I'm not quite sure as I've never forayed into this kind of thing. I wouldn't mind learning how to do it as it seems extremely creative and fun (minus the poking/slicing). The lamp has waited this long a bit longer won't hurt, I'm just not sure how to classify this type of carving to start my research. a nudge in the right direction would be appreciated 

-B


----------



## rhybeka (Nov 8, 2009)

looks like Carving in the round is the way to go!


----------



## TryAgain (Oct 14, 2009)

You pose a challenging project for carving. Carving a meaningful helix of barbed wire on the outside of a wooden cylinder would indeed be a challenge. Here is a link to what a barbed wire carving profile might look like … http://www.simplycopper.com/home/cop/page_141_26/19_x_14_oval_barb_wire_design_drop_in_self_rimmimg.html.

Here is another link showing a length of barbed wire snaked around the outside of a rough-hewn post. https://encrypted-tbn0.gstatic.com/images?q=tbn:ANd9GcS0k9Ahr1Mct5vdhGbydAr2g7sQ12JaT1UCeCPYg5Sl83b2ItFN

Might consider doing something like this in lieu of spending hours attempting to carve details of barbed wire on a wooden cylinder.

Tom


----------



## rhybeka (Nov 8, 2009)

Thanks Tom! I'm open to something like the second - might see if I can better explain my idea or try sketching it out


----------



## koraile (Nov 7, 2013)

Just of the topp of my head, on my way to a dinnerparty


----------



## koraile (Nov 7, 2013)

That might be the worst explanation i have given ever. But the dinnerparty was good  Was it something like that you ment, or did you want the wire wrapped closely around the cylinder witout air between?


----------



## rhybeka (Nov 8, 2009)

Yay for good food and friends!! Honestly - I'm open to ideas. What I had in my head was barbed wire carved in a cylinder in a sort of helix pattern with a base at the top and bottom and a piece of 3/4 in copper pipe run up the center for the wiring.
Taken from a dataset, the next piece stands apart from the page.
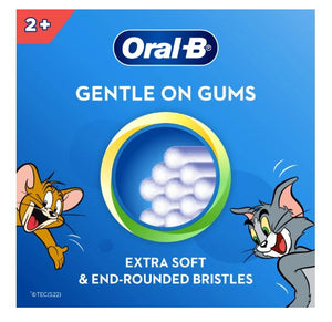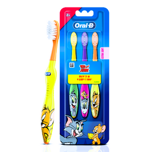 Oral B, the world's #1 dentist-recommended brand, brings you revolutionary brushing solutions with best-in-class technology with proven results for a healthier, Cleaner smile. Oral B Kids Tom & Jerry Extra Soft Toothbrush, Age 2+ has extra Soft, end-rounded bristles for effective cleaning while reaching all the tricky spots. Specially designed to be gentle on young, delicate gums. Easy-to-hold handle designed for small hands, ensuring better control. Make brushing fun with your favorite character Tom & Jerry. Experience a superior Clean and healthier gums with Oral B Kids Tom & Jerry Extra Soft Toothbrush.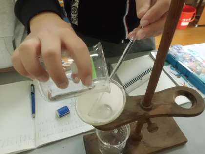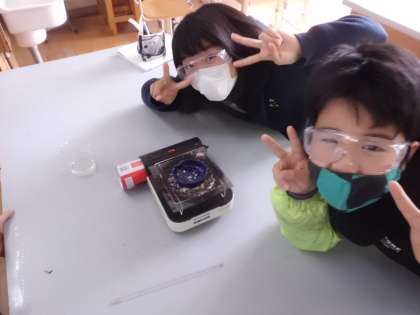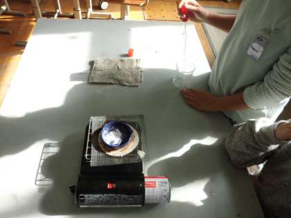 安全のため防護メガネをして、水をコンロで熱して蒸発させました。

From what Tom said that's a pretty difficult thing to manage and I've never carved a thing in my life (I think I remember attempting a bar of soap in girl scouts eons ago and I don't remember finishing whatever it was we were supposed to carve). I am willing to learn and skill up though - I still have a year before school is out and I have true free time anyway…. So basically if my original idea is too tough, then I guess it'll be a variation of  I could even just do a rustic carving of a piece of wood and inlay(relief?) cut barbed wire into it?

- and yes, I do ramble/talk a lot irl too


----------